> [Activity] In your copy, include no images and return each entry exactly as written.

[[ Material for this task, beginning ]]

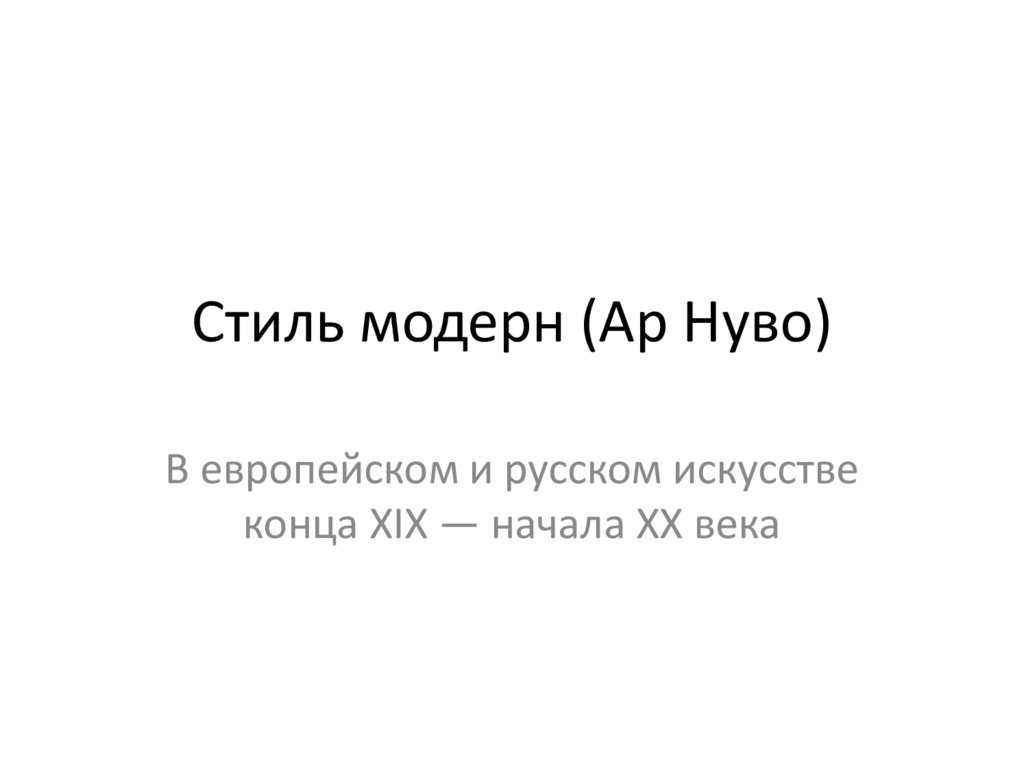 Стиль модерн (Ар Нуво)В европейском и русском искусстве
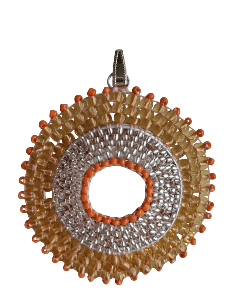 Este hermoso colgante está elaborado con cuentas en tonos dorado, plateado y naranja, tejidas a mano con delicadeza y precisión para crear un diseño circular vibrante y elegante. Su estructura ligera y su combinación de colores cálidos aportan un toque bohemio y sofisticado a cualquier atuendo. Perfecto para quienes aman la joyería artesanal y desean llevar consigo una pieza única llena de encanto y personalidad. Ideal para regalar o complementar tu estilo con un accesorio especial. Con su centro de cristal y sus 6 cm prefecto para darle un toque de originalidad a tu look con este colgante exclusivo.
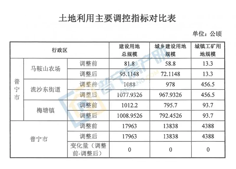 规划修改过程中,调入地块规划用途由农用地和其他土地调整为城乡建设用地;调出地块规划用途由城乡建设用地调整为农用地,以保持普宁市建设用地规模平衡。本项目涉及的调入调出地块面积均为13. 3148公顷,规划修改后,普宁市规划农用地面积增加0. 7438公顷,其中耕地面积增加8. 8656公顷,园地面积减少 10. 8899公顷,林地面积减少 0. 9974公顷,其他农用地面积增加3. 7655公顷;建设用地面积保持不变,城乡建设用地面积保持不变;其他土地面积减少0. 7438公顷。根据现行规划,普宁市目标年(2020年)各项主要调控指标为:耕地保有量不低于21837公顷,基本农田保护面积不低于 18532公顷,建设用地总规模控制在17963公顷以内,城乡建设用地规模控制在13838公顷以内。调整后,普宁市的耕地保有量、基本农田保护面积、建设用地总规模和城乡建设用地规模等各项指标均保持不变。
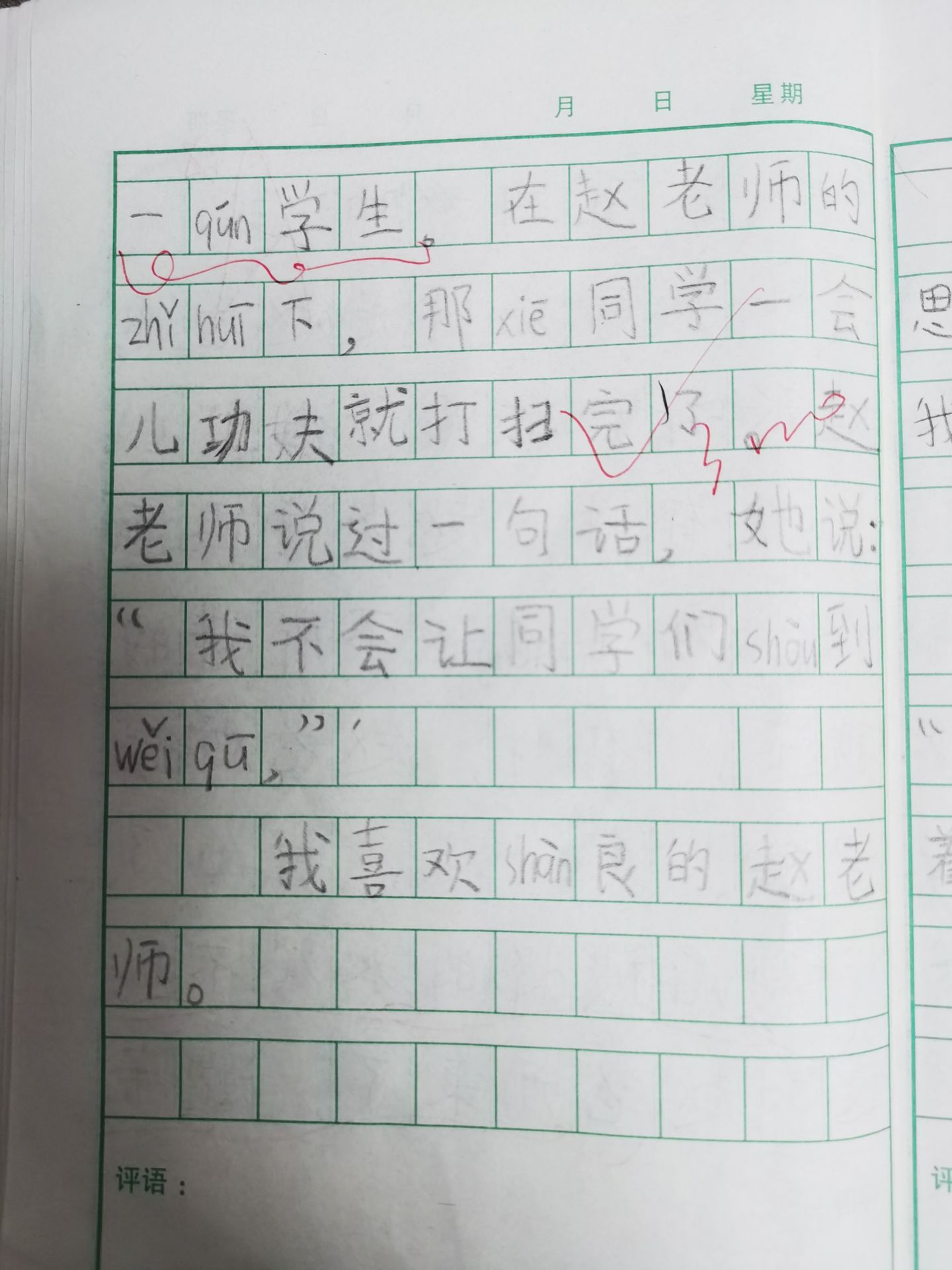 有一次我上学时遇见了赵老师,我跟赵老师说姐姐拿了好多奖,而我没拿几个奖,所以我觉得我是个“小学渣”,赵老师说:“不要弃磊,继续努力!”赵老师的鼓励像一束阳光,永远照耀着我成长!
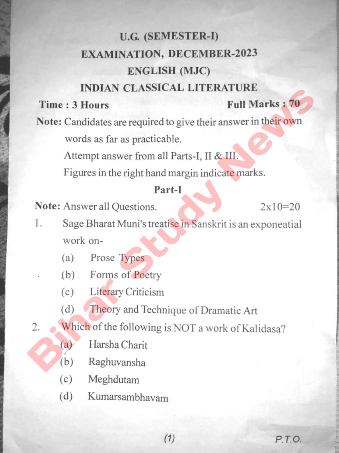 Purnea University BA 1st Sem English MJC-I 2023 Question Paper

[[ Material for this task, end ]]

> [Finished task]
 Стиль модерн (Ар Нуво)В европейском и русском искусстве
 Este hermoso colgante está elaborado con cuentas en tonos dorado, plateado y naranja, tejidas a mano con delicadeza y precisión para crear un diseño circular vibrante y elegante. Su estructura ligera y su combinación de colores cálidos aportan un toque bohemio y sofisticado a cualquier atuendo. Perfecto para quienes aman la joyería artesanal y desean llevar consigo una pieza única llena de encanto y personalidad. Ideal para regalar o complementar tu estilo con un accesorio especial. Con su centro de cristal y sus 6 cm prefecto para darle un toque de originalidad a tu look con este colgante exclusivo.
 规划修改过程中,调入地块规划用途由农用地和其他土地调整为城乡建设用地;调出地块规划用途由城乡建设用地调整为农用地,以保持普宁市建设用地规模平衡。本项目涉及的调入调出地块面积均为13. 3148公顷,规划修改后,普宁市规划农用地面积增加0. 7438公顷,其中耕地面积增加8. 8656公顷,园地面积减少 10. 8899公顷,林地面积减少 0. 9974公顷,其他农用地面积增加3. 7655公顷;建设用地面积保持不变,城乡建设用地面积保持不变;其他土地面积减少0. 7438公顷。根据现行规划,普宁市目标年(2020年)各项主要调控指标为:耕地保有量不低于21837公顷,基本农田保护面积不低于 18532公顷,建设用地总规模控制在17963公顷以内,城乡建设用地规模控制在13838公顷以内。调整后,普宁市的耕地保有量、基本农田保护面积、建设用地总规模和城乡建设用地规模等各项指标均保持不变。
 有一次我上学时遇见了赵老师,我跟赵老师说姐姐拿了好多奖,而我没拿几个奖,所以我觉得我是个“小学渣”,赵老师说:“不要弃磊,继续努力!”赵老师的鼓励像一束阳光,永远照耀着我成长!
 Purnea University BA 1st Sem English MJC-I 2023 Question Paper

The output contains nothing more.